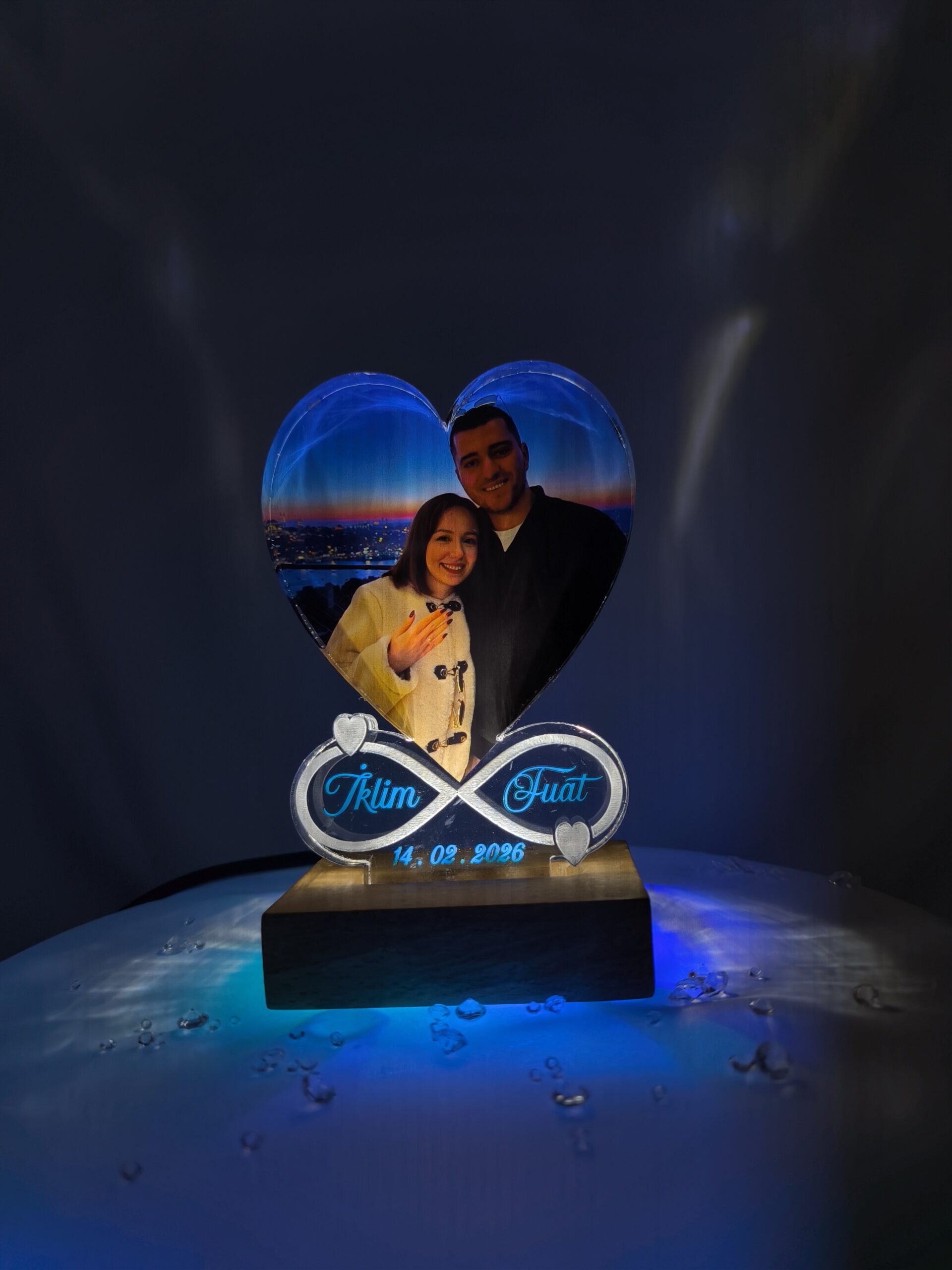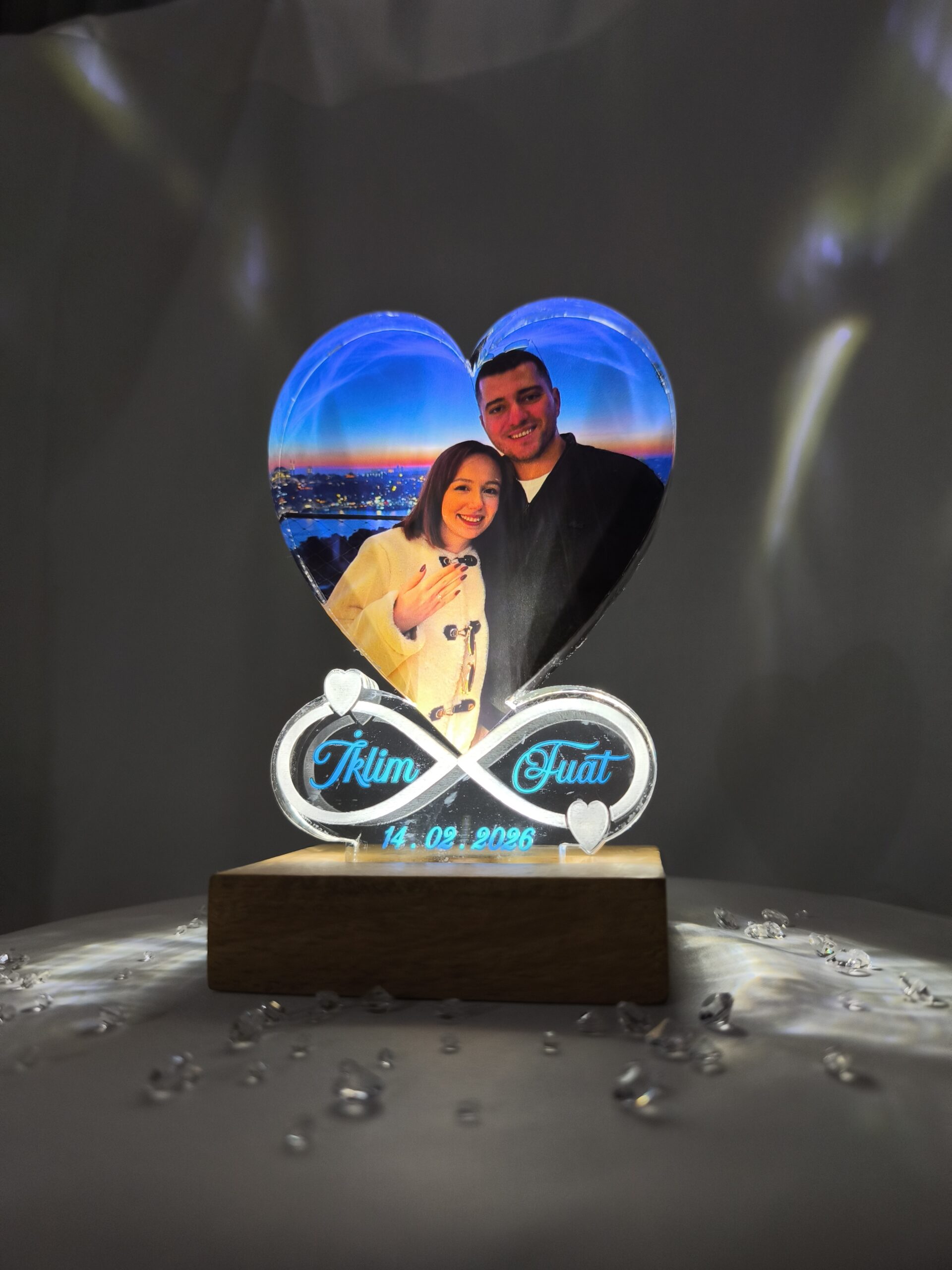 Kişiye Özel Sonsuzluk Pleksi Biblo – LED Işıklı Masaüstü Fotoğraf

==

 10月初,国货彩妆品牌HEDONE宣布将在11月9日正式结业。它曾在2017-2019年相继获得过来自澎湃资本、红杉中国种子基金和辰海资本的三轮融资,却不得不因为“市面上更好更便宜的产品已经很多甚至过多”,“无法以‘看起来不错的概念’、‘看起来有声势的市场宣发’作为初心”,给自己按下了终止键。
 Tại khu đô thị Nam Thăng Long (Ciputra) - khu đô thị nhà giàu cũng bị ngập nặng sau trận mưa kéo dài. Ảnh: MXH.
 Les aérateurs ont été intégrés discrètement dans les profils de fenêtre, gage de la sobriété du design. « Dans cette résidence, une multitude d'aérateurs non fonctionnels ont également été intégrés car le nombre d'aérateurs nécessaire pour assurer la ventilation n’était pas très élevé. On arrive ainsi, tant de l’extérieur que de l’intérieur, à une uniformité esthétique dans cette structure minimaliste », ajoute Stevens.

**Requirement:** Reproducing the whole listing above is not the task. Copy exactly only the lines from the one with "10月初,国货彩妆品牌HED" to the one with "Les aérateurs ont", both kept.

**Written answer:**
 10月初,国货彩妆品牌HEDONE宣布将在11月9日正式结业。它曾在2017-2019年相继获得过来自澎湃资本、红杉中国种子基金和辰海资本的三轮融资,却不得不因为“市面上更好更便宜的产品已经很多甚至过多”,“无法以‘看起来不错的概念’、‘看起来有声势的市场宣发’作为初心”,给自己按下了终止键。
 Tại khu đô thị Nam Thăng Long (Ciputra) - khu đô thị nhà giàu cũng bị ngập nặng sau trận mưa kéo dài. Ảnh: MXH.
 Les aérateurs ont été intégrés discrètement dans les profils de fenêtre, gage de la sobriété du design. « Dans cette résidence, une multitude d'aérateurs non fonctionnels ont également été intégrés car le nombre d'aérateurs nécessaire pour assurer la ventilation n’était pas très élevé. On arrive ainsi, tant de l’extérieur que de l’intérieur, à une uniformité esthétique dans cette structure minimaliste », ajoute Stevens.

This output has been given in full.